导读:本文包含了细胞悬浮系论文开题报告文献综述、选题提纲参考文献及外文文献翻译,主要关键词:细胞,植株,组织,诺丽,高粱,水稻,诱导。
细胞悬浮系论文文献综述
田婷,吴田,蓝增全[1](2019)在《基于诺丽无菌苗的根进行细胞悬浮系建立的分析》一文中研究指出以诺丽根为外植体进行细胞悬浮培养研究,以期获得稳定的细胞悬浮系。根愈伤组织诱导的最佳培养基为MS+2.0 mg/L 2,4-D+0.5 mg/L PVP,愈伤组织增殖培养基为MS+0.1 mg/L NAA+0.5 mg/L PVP。将疏松易碎的愈伤组织接种至液体培养基进行诺丽细胞悬浮培养,愈伤组织初始接种量为60 g/L时,细胞生长速率达到最大。细胞悬浮增长曲线大致呈"S"型,在0~4 d为停滞期,4~6 d进入对数生长期,6~10 d进入直线生长期,后缓慢生长在第12天细胞数量达到峰值12.5×103个/mL后,细胞数量下降。培养液pH初始值为5.8在第6天下降到4.62,随后在第10天~第12天上升至5.8,随后平稳下降。
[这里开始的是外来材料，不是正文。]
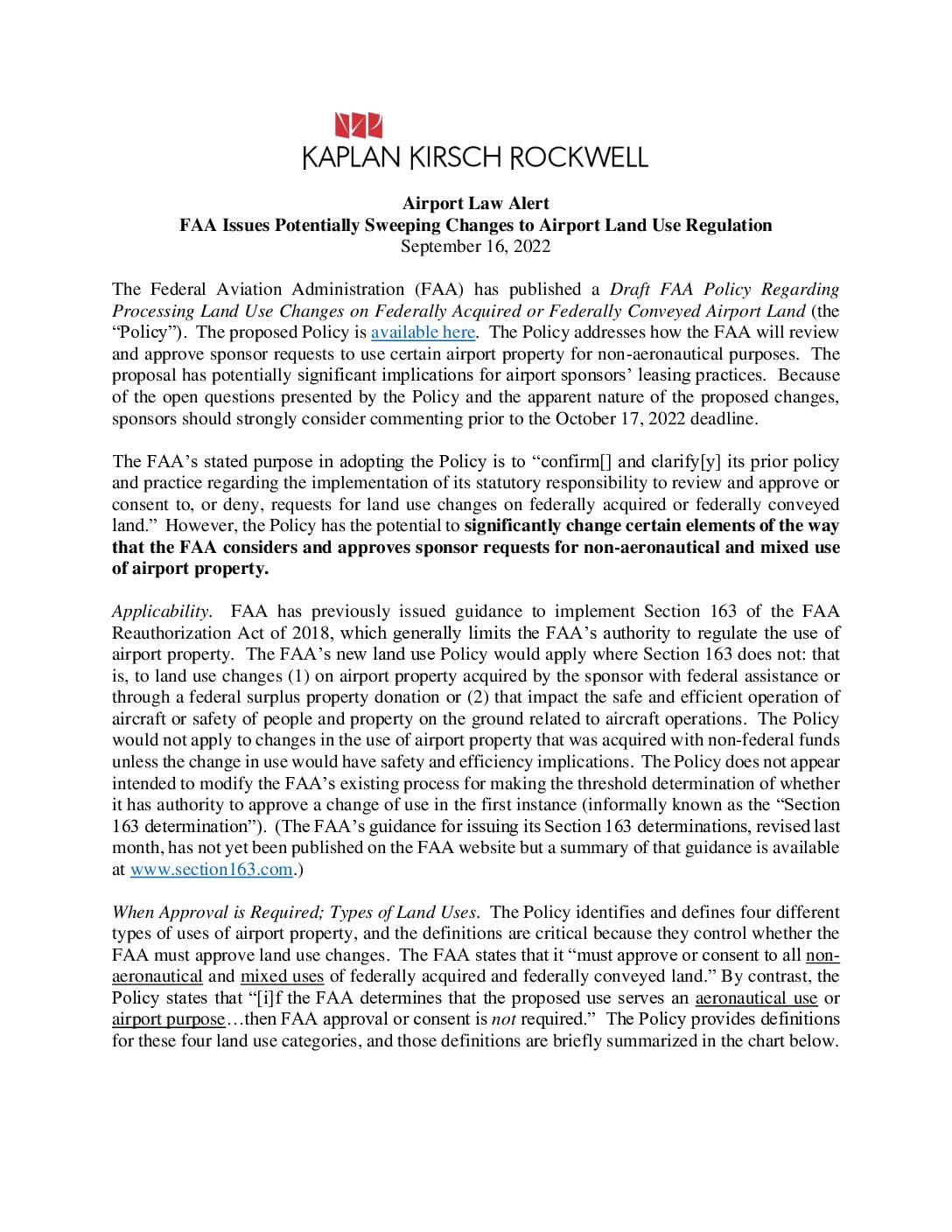 FAA Issues Potentially Sweeping Changes to Airport Land Use Regulation September 16, 2022 The Federal Aviation Administration (FAA) has published a Draft FAA Policy Regarding Processing Land Use Changes on Federally Acquired or Federally Conveyed Airport Land (the “Policy”). The proposed Policy is available here. The Policy addresses how the FAA will review and approve sponsor requests to use certain airport property for non-aeronautical purposes. The proposal has potentially significant implications for airport sponsors’ leasing practices. Because of the open questions presented by the Policy and the apparent nature of the proposed changes, sponsors should strongly consider commenting prior to the October 17, 2022 deadline. The FAA’s stated purpose in adopting the Policy is to “confirm[] and clarify[y] its prior policy and practice regarding the implementation of its statutory responsibility to review and approve or consent to, or deny, requests for land use changes on federally acquired or federally conveyed land.” However, the Policy has the potential to significantly change certain elements of the way that the FAA considers and approves sponsor requests for non-aeronautical and mixed use of airport property. Applicability. FAA has previously issued guidance to implement Section 163 of the FAA Reauthorization Act of 2018, which generally limits the FAA’s authority to regulate the use of airport property. The FAA’s new land use Policy would apply where Section 163 does not: that is, to land use changes (1) on airport property acquired by the sponsor with federal assistance or through a federal surplus property donation or (2)…
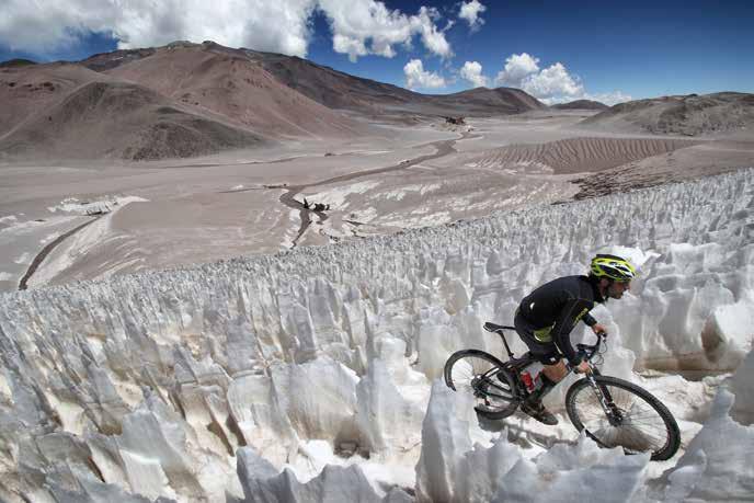Nei giorni precedenti al tentativo riuscito di record Nico, con il suo mini team tecnico che lo ha seguito anche negli allenamenti, ha rifinito la preparazione su un altipiano incastonato sulle Ande a nord del massiccio dell’Aconcagua. Una piana di svariati chilometri dove pedalare acclimatandosi tra i 4000 e i 5500 metri di quota, una distesa arida e bellissima circondata da vette innevate, ghiacciai e bellissimi penitentes, estese formazioni di alte lame nevose tipiche di questa zona. Un po’ per gioco e un po’ per sfida, Nico, tra i vari allenamenti si è immerso anche in questo labirinto di cristalli che
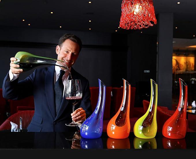 The Cornetto Confetti series was inspired by pop art. Bright and vibrant, this collection features decanters in lively colors. The long, thin shape of the Cornetto makes it perfect for both decanting young wines and removing sediment from older wines. The slim design of this decanter means there is a smaller surface area exposed, so fragile older wines are not overexposed to oxygen.
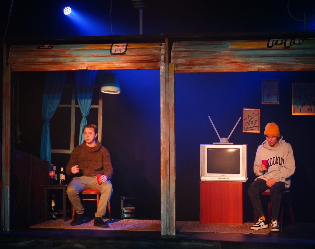 Привлекательно и сценическое решение. Помимо передвижного бункера на колесиках, вся декорация представлена четырьмя железными занавесами, раскрашенными на манер дворовых гаражей. В зависимости от того, где и как происходит действие, герои поднимают занавесы и оказываются в комнатах.
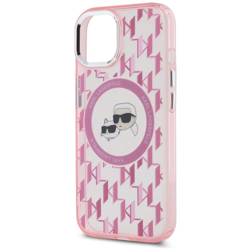 Etui Karl Lagerfeld IML Monogram Karl & Choupette Head MagSafe na iPhone 15 - różowe
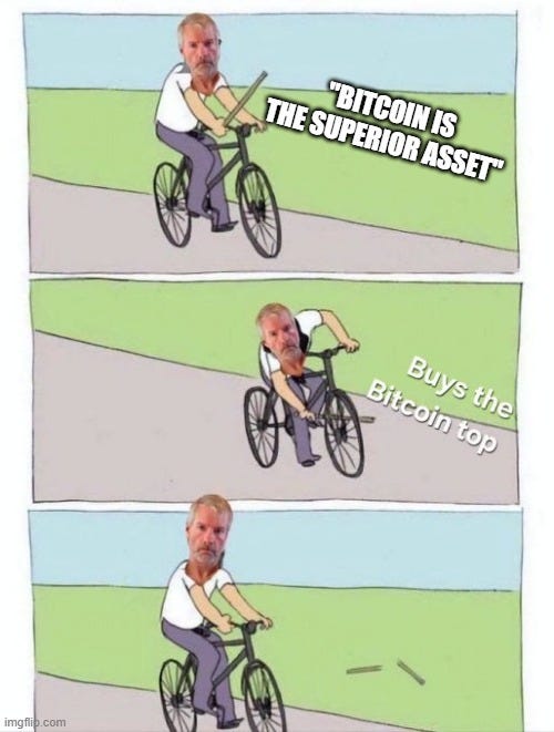 For a while, it seemed like Saylor had found a perpetual motion machine of value creation because for every $1bn in bitcoin he added to his company’s balance sheet, MSTR's market cap went up $3bn!
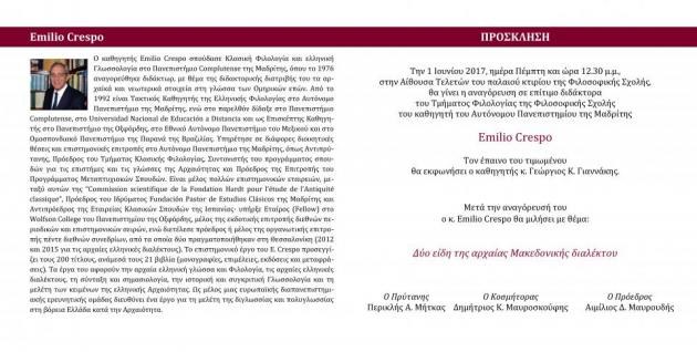 Ο καθηγητής Emilio Crespo σπούδασε Kλασική Φιλολογία και ελληνική Γλωσσολογία στο Πανεπιστήμιο Complutense της Μαδρίτης, όπου το 1976 αναγορεύθηκε διδάκτωρ, με θέμα της διδακτορικής διατριβής του τα αρχαϊκά και νεωτερικά στοιχεία στη γλώσσα των Oμηρικών επών. Από το 1992 είναι Τακτικός Καθηγητής της Ελληνικής Φιλολογίας στο Αυτόνομο Πανεπιστήμιο της Μαδρίτης, ενώ στο παρελθόν δίδαξε στο Πανεπιστήμιο Complutense, στο Universidad Nacional de Educación a Distancia και ως Επισκέπτης Καθηγητής στο Πανεπιστήμιο της Οξφόρδης, στο Εθνικό Αυτόνομο Πανεπιστήμιο του Μεξικού και στο Ομοσπονδιακό Πανεπιστήμιο της Παρανά της Βραζιλίας. Υπηρέτησε σε διάφορες διοικητικές θέσεις και επιστημονικές επιτροπές στο Αυτόνομο Πανεπιστήμιο της Μαδρίτης, όπως Αντιπρύτανης, Πρόεδρος του Τμήματος Κλασικής Φιλολογίας, Συντονιστής του προγράμματος σπουδών για τις επιστήμες και τις γλώσσες της αρχαιότητας και Πρόεδρος της Επιτροπής του Προγράμματος Μεταπτυχιακών Σπουδών. Είναι μέλος πολλών επιστημονικών εταιρειών, μεταξύ αυτών της “Commission scientifique de la Fondation Hardt pour l’étude de l’Antiquité classique”, Πρόεδρος του Ιδρύματος Fundación Pastor de Estudios Clásicos της Μαδρίτης και Αντιπρόεδρος της Εταιρείας Κλασικών Σπουδών της Ισπανίας· υπήρξε Εταίρος (Fellow) στο Wolfson College του Πανεπιστημίου της Οξφόρδης, μέλος της εκδοτικής επιτροπής διεθνών περιοδικών και επιστημονικών σειρών, ενώ διετέλεσε πρόεδρος ή μέλος της οργανωτικής επιτροπής πέντε διεθνών συνεδρίων, δύο από τα οποία πραγματοποιήθηκαν στη Θεσσαλονίκη (2012 και 2015 για τις αρχαίες ελληνικές διαλέκτους). Το επιστημονικό έργο του E. Crespo προσεγγίζει τους 200 τίτλους, ανάμεσά τους 21 βιβλία (μονογραφίες, επιμέλειες, εκδόσεις και μεταφράσεις). Τα έργα του αφορούν την αρχαία ελληνική γλώσσα και φιλολογία, τις αρχαίες ελληνικές διαλέκτους, τη σύνταξη και σημασιολογία, την ιστορική και συγκριτική γλωσσολογία και τη μελέτη των κειμένων της ελληνικής αρχαιότητας. Ως μέλος μιας ευρωπαϊκής διαπανεπιστημιακής ερευνητικής ομάδας διευθύνει ένα έργο για τη μελέτη της διγλωσσίας και πολυγλωσσίας στη βόρεια Ελλάδα κατά την Aρχαιότητα.
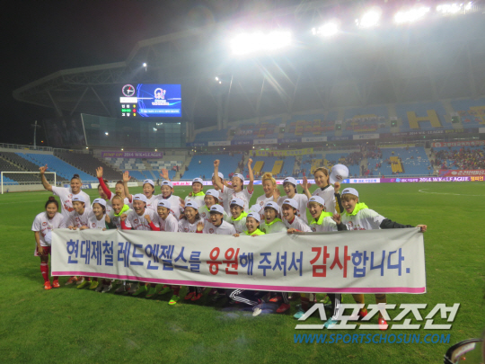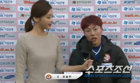 20일 WK-리그 챔피언결정전에서 고양대교를 합산 스코어 1대0으로 꺾고 우승 트로피를 들어올린 정설빈이 활짝 웃었다. 챔피언결정 1차전의 한골을 끝까지 무실점으로 지켰다. 후반 교체투입된 정설빈은 상대 수비 실수를 놓치지 않고, 강력한 돌파와 자신감 넘치는 슈팅으로 1대0 승리를 이끌었다. 골 직후 빨강머리 정설빈은 손을 귀에 갖다대는 화끈한 세리머니로 팬들의 환호를 이끌어냈다. 2차전 양팀이 90분 내내 공방을 거듭하며 0대0으로 비겼다. 지난해에 이어 2년 연속 통합우승의 꿈을 이뤘다.

初代细胞多为长条形杆状细胞,随着继代次数的逐渐增加,细胞逐渐从杆状细胞变为圆形细胞团或单个的圆球形细胞。稳定的细胞悬浮培养液接种于MS+1.5 mg/L 6-BA培养基可再生愈伤组织。(本文来源于《分子植物育种》期刊2019年14期)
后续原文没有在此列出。